In the automated analysis implementation, fiber and mass scores showed greater variations than microcalcification scores. There are multiple contributing factors to these variations, most prominently phantom orientation and positioning, and image noise. Running averages can be used to visualize changes in the detectability distributions. As can be seen in Fig. 5, changes in imaging parameters may affect the detectability of fibers, microcalcifications, and masses differently. On the other hand, a clear increase in dose yielded no clear difference in the detection of targets. This is primarily due to relatively large difference between target sizes in the ACR phantom. A previous study by Huda et al. (14) found that the conventional ACR phantom design may be unsatisfactory for evaluating image quality in digital mammography. A new ACR digital mammography phantom with smaller differences in target sizes has been designed (15). Alternatively, new analysis methods for the old phantom could be developed to increase sensitivity to small changes in the image quality.
The DWT and multiresolution analysis were used to enhance the visibility of test objects. In multiresolution analysis, an image is divided into different resolution levels for further processing. The strength of the method is that different sized image characteristics appear differently at various resolution levels, meaning that features which are hard to detect in one resolution level may be detected better at another level. For example, at a high resolution, the image noise may disturb the delineation of larger features in the image. However, when examining the image at a suitable lower resolution level, these larger-sized objects may be detected better. The DWT approach is similar to that of Alvarez et al. (6). There were differences in base functions (they used Daubechies 10 base functions), binarization, object segmentation process, and scoring criteria. They reported smaller absolute differences between human readers and automatic analysis than what was seen in this study. However, they had a different scoring range, hindering the comparability of the results.
This study has certain limitations. Only four human readers were used with notable inter-rater differences. This highlights the subjective nature of the task and a greater number of observers could mitigate the effect of individual preferences. The effect of varying dose levels was studied only on a single FFDM system. No comparisons were made against other automated analysis algorithms. Also, the developed software works only for ACR phantoms images and, as such, is not readily suitable for other phantoms.

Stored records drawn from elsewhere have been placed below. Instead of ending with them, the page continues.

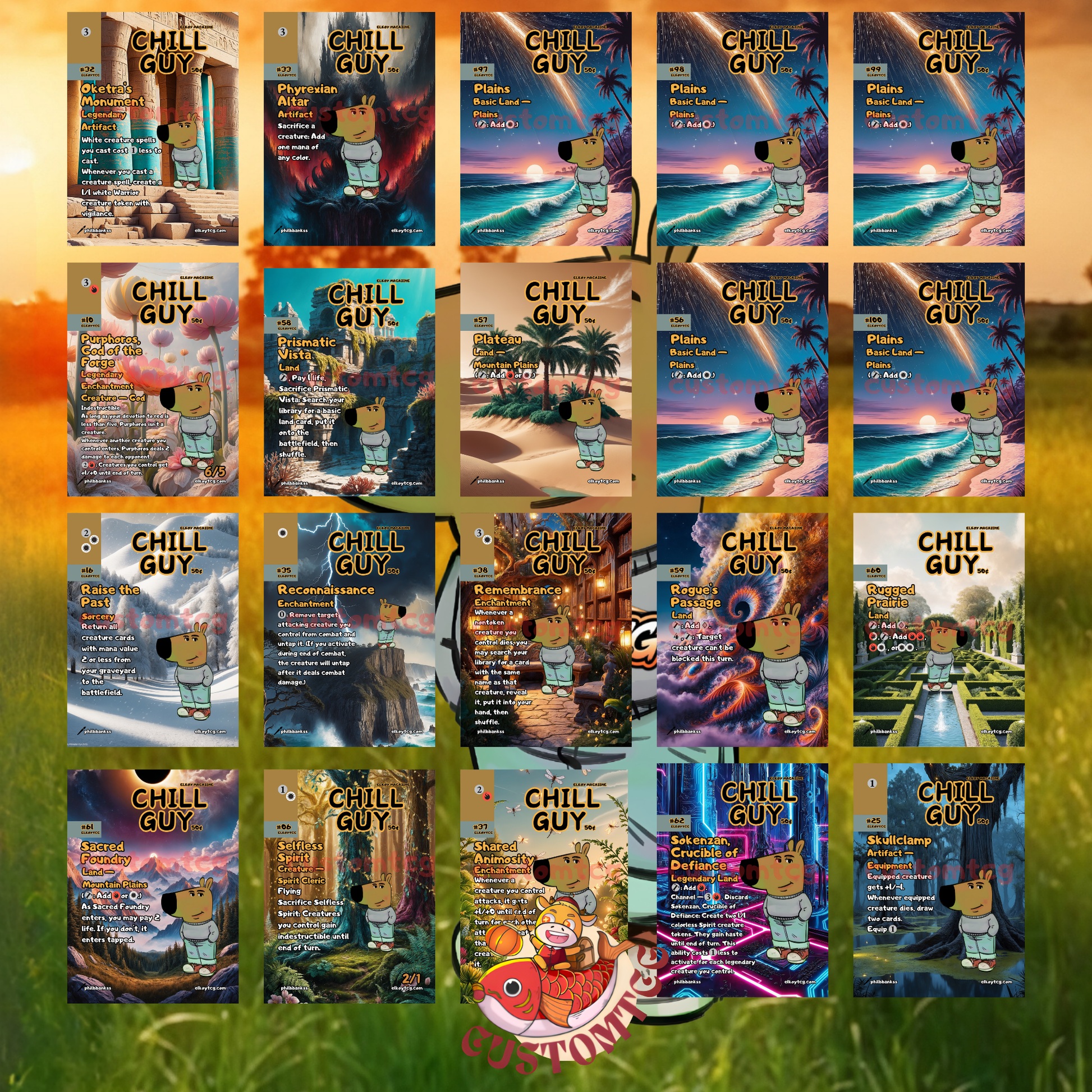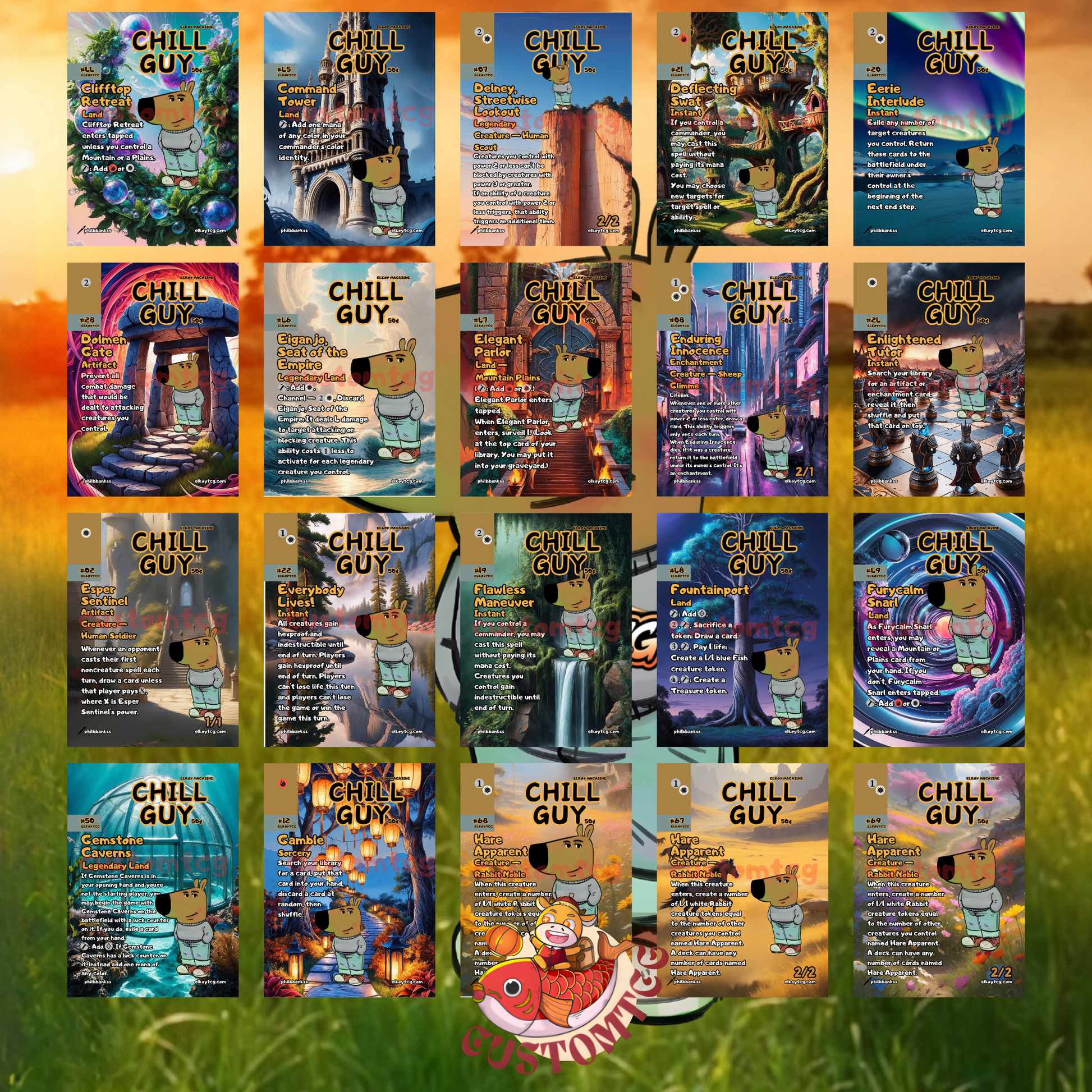 - Unique Secret Lair-Style Frame: Every card is designed with a custom frame, featuring different backgrounds to show that Chill Guy stays chill no matter where he is. 🌍💤
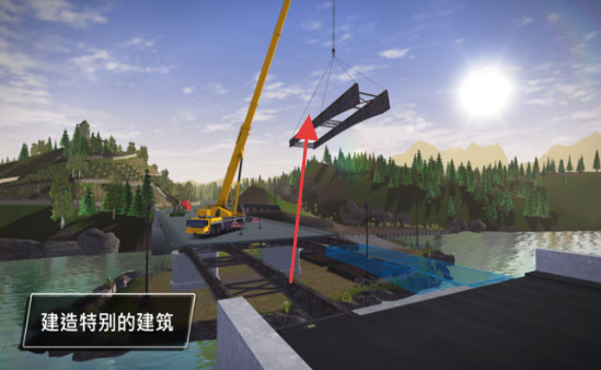 2、在橋梁建造關卡,操作起重機,吊起鋼梁,對準橋墩安裝,按指引完成“建造特別的建筑”目標,學習大型設備使用。
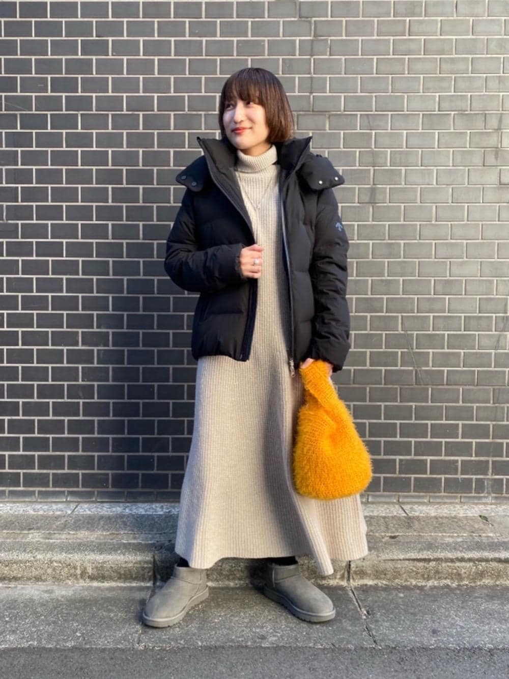 身長:150㎝ 普段サイズ:トップスS/ボトムスS/シューズ23 【コーディネートポイント】 ロングセラーの水沢ダウンを主役に、目を惹くオレンジのバッグをポイントにしました。 【素材感、着心地】 ダウン:メンズサイズをリサイズしているのでSサイズでも窮屈になりません。程よいフィット感がありダウンのみで充分暖かいです。 ワンピース:ゆったり目です。 シューズ:ボアが密着感があるのでジャストサイズで問題ないです。
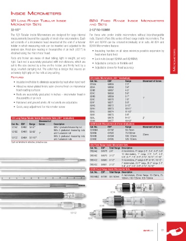 measurements beyond the capacity of most other micrometers. Each rods, Starrett offers this series of fixed range inside micrometers. The
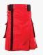 Men's Two-Tone Red Utility Kilt with Large Pockets is perfect for trending events because its attractive design and striking style add a unique flair to your kilt collection and garment. The kilt has a flat front apron, while black nylon straps are sewn on the right of the front apron to make it a stylish piece of Scottish attire. The black belt loops for holding and wearing a belt make the waist and kilt a perfect fit. Red Utility Kilt has features of two cargo-style pockets that allow you to store your personal belongings with easy access. Black flap pockets make an attractive and good contrast for the red kilt. It has snap buttons on the waistline for a secure and better fit. It features a pleated pattern on the back to add a traditional touch and allows comfortable movement on various occasions. Red straps with decorated eyelets are on either side for kilt adjustment through the side buckle. Our maker makes this kilt with 100% drill jeans cotton material, which is durable and washable. Rust-free hardware material is used in this kilt. You have a completely customized option on size and color combinations, in which you select your favorite ones that match your personality. So place your order now and get this two-tone utility kilt at a fair-minded price.
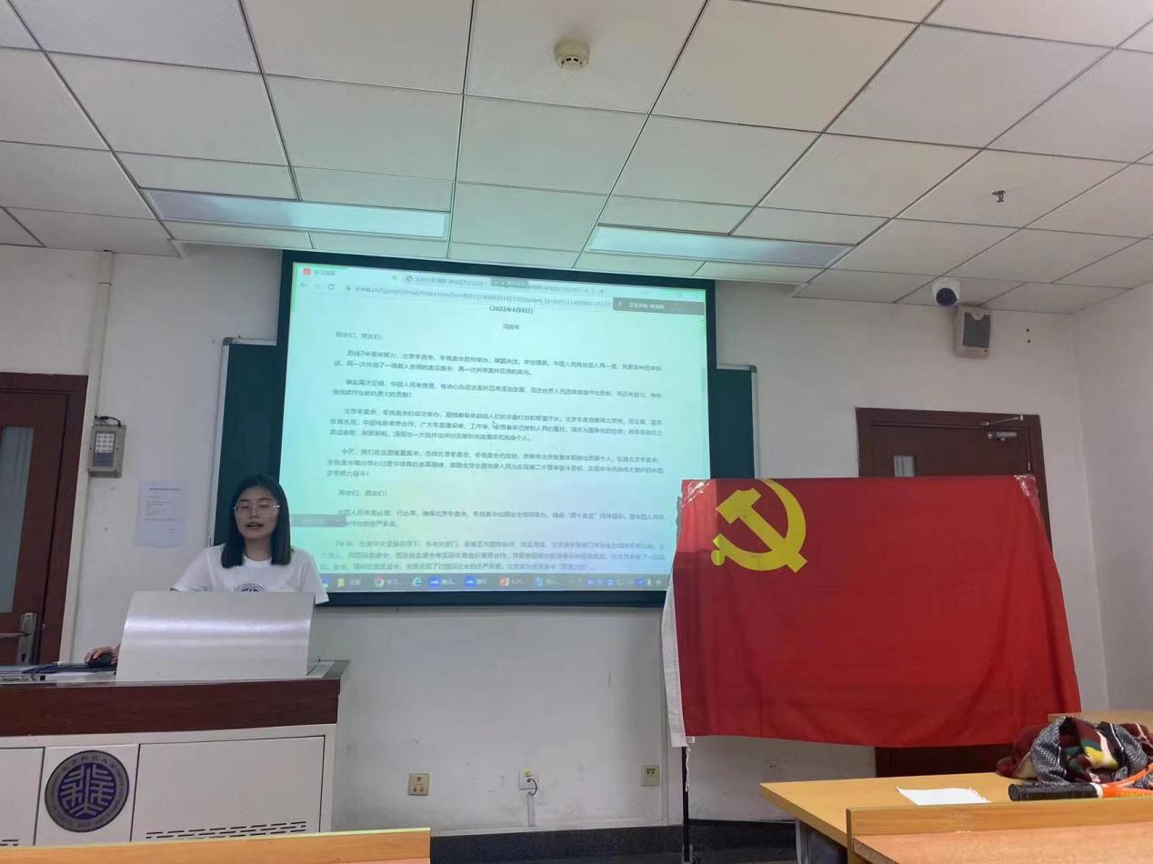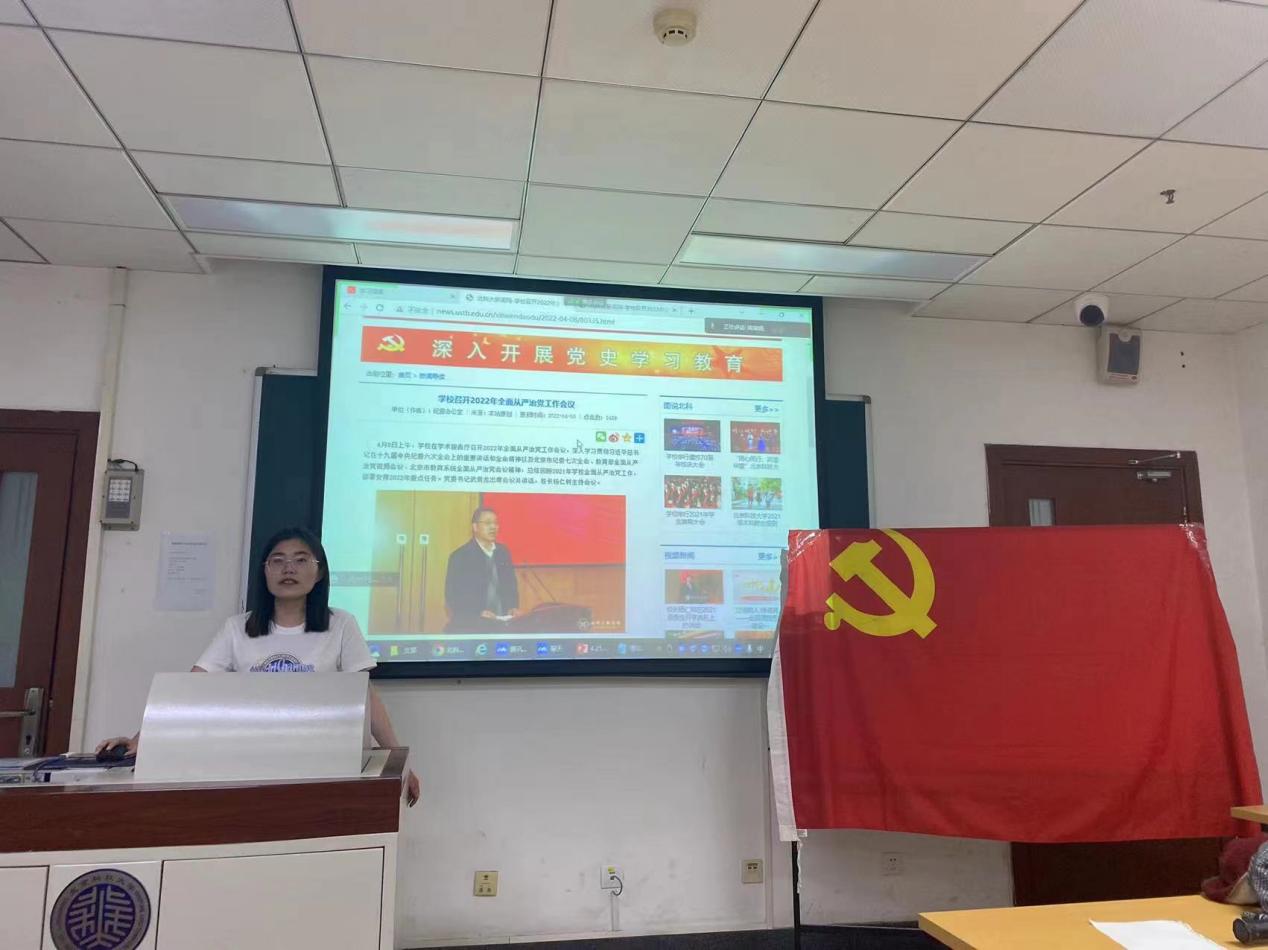 2022年4月25日19:00,H片 管工研党支部开展了四月党支部的组织生活活动,因疫情防控原因,本次组织生活于经管楼506、管庄校区教学楼209和腾讯会议同步开展。支部党员34人参加,积极分子13人列席,支部书记南瑞娟主持。
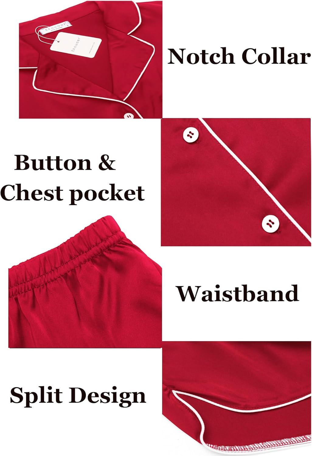 Ekouaer Womens Silk Satin Pajamas Set Short Sleeve Sleepwear Button Down Loungewear 2 Piece Pjs Shorts Set S-5X Plus Size(Red)
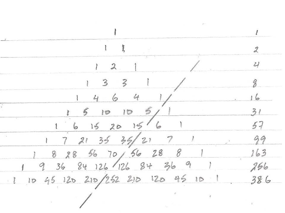 Then a bit more “day-dreaming” and I noticed that I could draw a straight “diagonal” line through Pascal’s Triangle so as to discard the unwanted numbers.
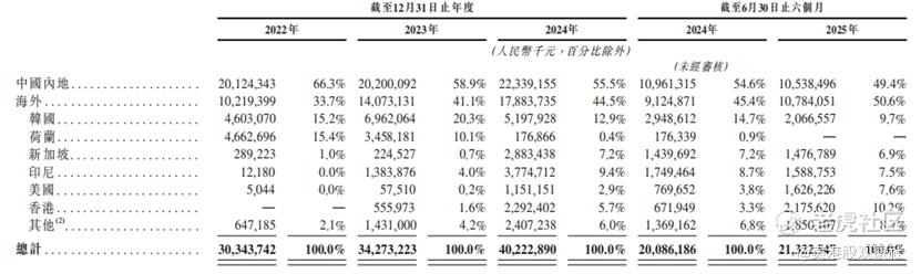 分地区来看,中伟新材的全球化布局成效显著,海外市场已成为公司重要的收入来源。2022年至2024年,公司来自中国内地以外直接客户的收入占比从33.7%提升至44.5%,截至2025年6月30日止六个月,这一比例进一步提升至50.6%,公司产品在全球市场的认可度持续提升。从具体地区来看,韩国、荷兰、新加坡、印尼、美国及中国香港是主要海外市场。国内市场方面,2024年中国内地收入占比55.5%,仍为重要支撑,整体形成“海内外市场均衡发展、相互补充”的收入结构,有效分散单一市场波动风险。
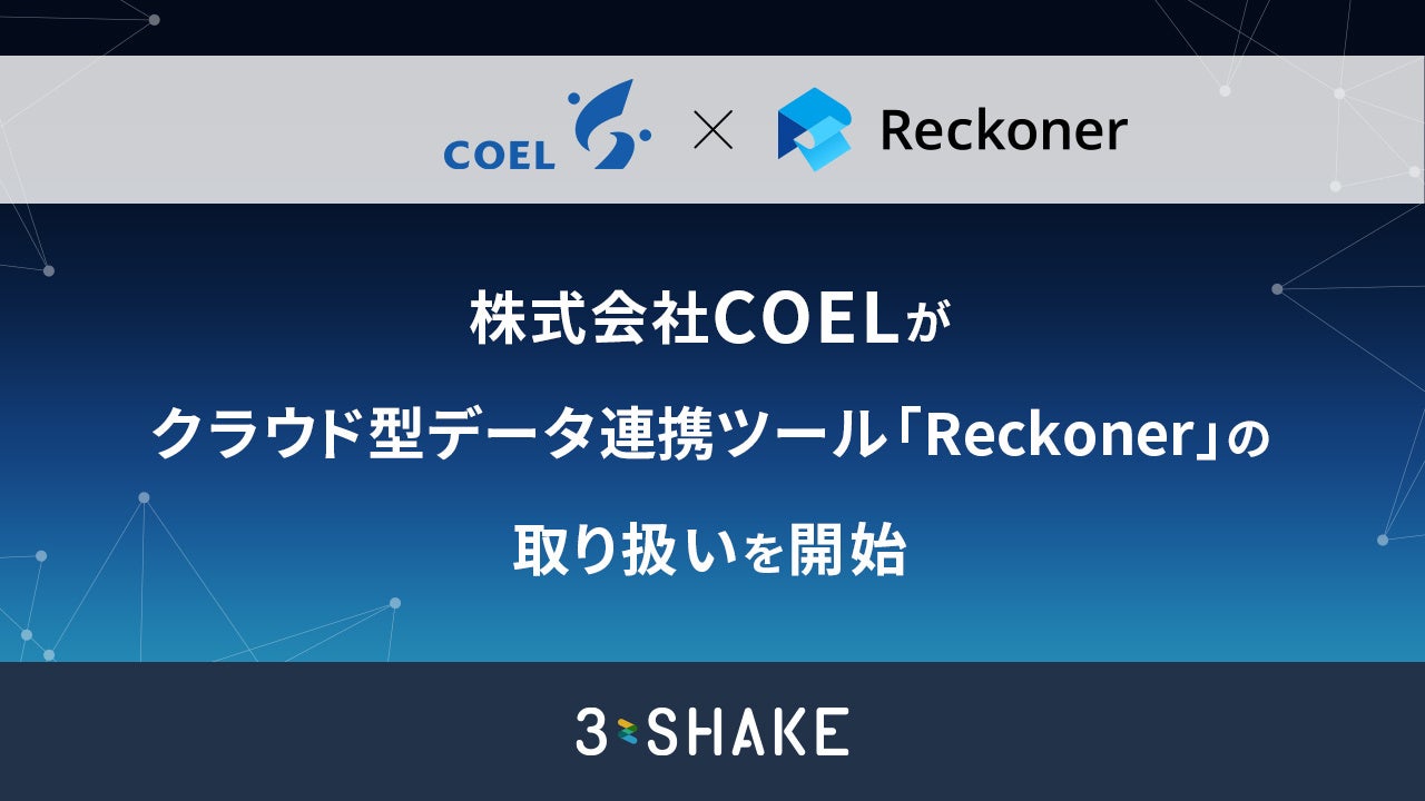 株式会社スリーシェイク(本社:東京都新宿区、代表取締役社長:吉田 拓真、以下スリーシェイク)は、パートナー企業である株式会社COEL(本社:愛知県名古屋市、代表取締役:深見 和久、以下COEL)が、クラウド型データ連携ツール「Reckoner(レコナー)」の取り扱いを開始したことをお知らせします。

In conclusion, the developed automated image quality analysis software provides a robust, systematic, and efficient method for monitoring the function and performance of digital mammography systems. This is especially beneficial in a multi-unit center with devices from many vendors and different generations. With long-term trend graphs of the technical image quality and dose, users are able to detect possible drifts in the system.
Footnotes
Declaration of Conflicting Interests
The author(s) declared no potential conflicts of interest with respect to the research, authorship, and/or publication of this article.
Funding
The author(s) disclosed receipt of the following financial support for the research, authorship, and/or publication of this article: This study was supported by Helsinki University Hospital research and development funding.